My second guarantee is that I will refuse to accept your money if it doesn’t work for you, according to these specific metrics:
If, after 60 days, someone has read the guide, listened to the audio files, and put in a fair effort on their part (they will be the sole judge) but has not been able to start a project that earns at least $200 a month, then they get their money back even if they like the guide.
In other words, the burden is on me to deliver, or I don’t get paid a dime.
A minimum of $200 a month x 12 months = $2,400 minimum. There are no geographic restrictions or other fine print.
See, I want my products to actually help people. I’m interested in mass accountability, and this is the latest experiment.
What You’ll Get
The Unconventional Guide to Working for Yourself consists of an online guide and downloadable MP3 files:
- 55-pages of strategic and tactical info in a professionally designed report
- 3 25-minute MP3 audio downloads
- 1 Special Bonus (it’s not from me, so I’m not allowed to say more yet)
- Free Updates for 6 Months
There are no shipping charges and everything will be delivered through instant download right after purchase.
As for the cost, in the future I will probably price the guide in the $50-79 range, but we’ll kick it off this week for less than that – probably around $45 or so, with a small discount for everyone on the newsletter list.

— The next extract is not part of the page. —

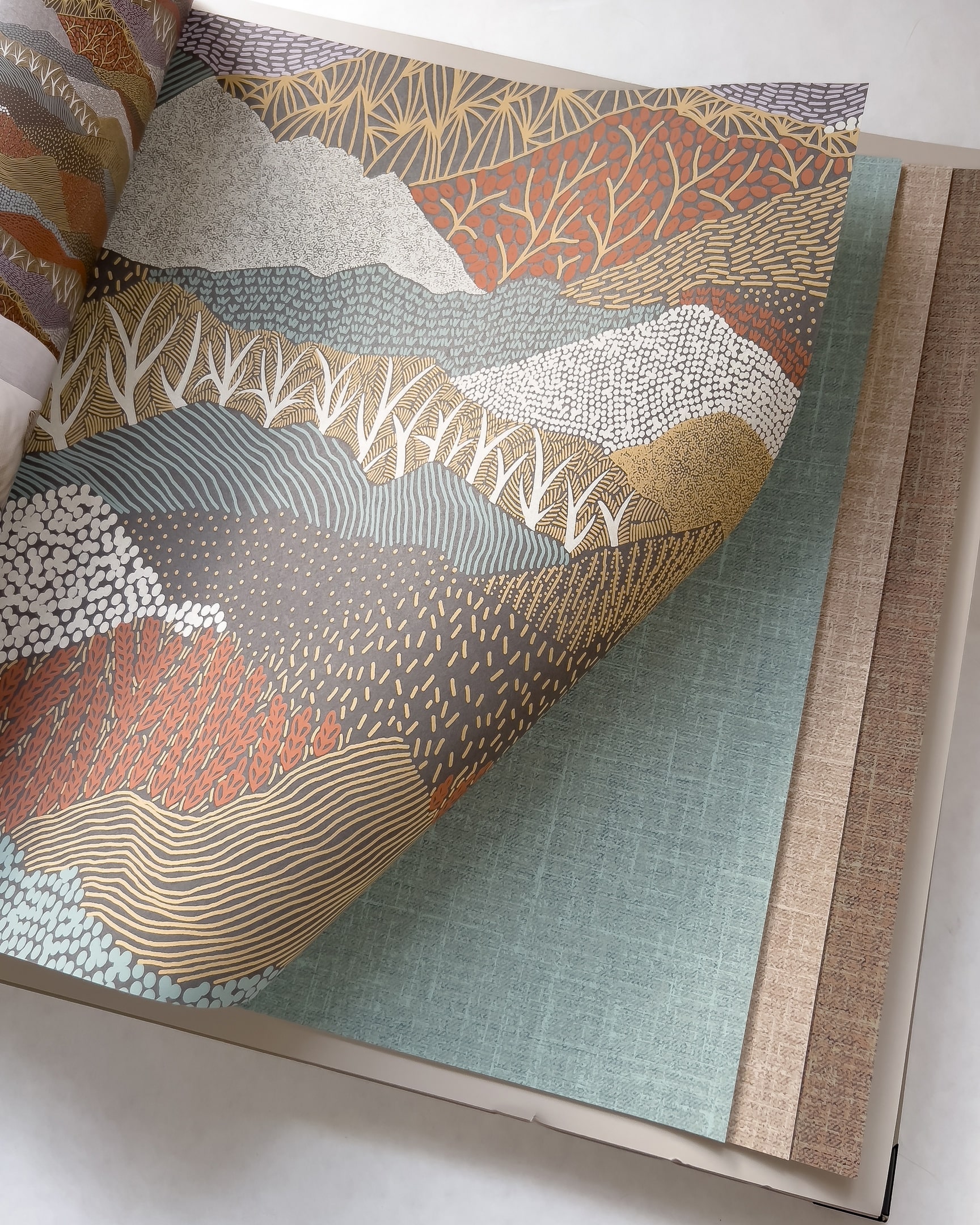 Источником вдохновения при создании каталога послужил, в том числе, стиль 60-70-х годов: отсюда смелые цветовые сочетания, плавность линий, простота форм. В остальном, коллекция не ограничена никакими направлениями: здесь царит чистое творчество и безудержная фантазия. Вы можете выбрать одну из сказочных историй, заключенных в обоях и панно: «Сагу о Холмах», «Сагу о Лесе», «Сагу о Городе», «Сагу о Луне», «Сагу о Нежности», «Сагу о Птицах», «Сагу об Элементах» или «Сагу о Яблоне».

And in the end, the people who buy it will succeed at a measurable rate far greater than the purchase price, or I will insist that they keep their money. No exceptions.
Oh, and one more thing: since I know this won’t be for everyone, to make it fun for the whole group we’ll be posting a few specific case studies beginning 45 days after the launch. The goal is to feature real-life stories showing exactly what kinds of “very small businesses” have been created as a result of this project.
Since I don’t know exactly what will happen, this should be interesting… but my hope is that we’ll get some people willing to show actual web sites and sales figures.
What do you think? Am I crazy to offer this kind of guarantee?
AND… if you already have a business, what kind of Incredibly Convincing Guarantee can you offer your customers? Is there a way you can rock their world so they keep coming back to you?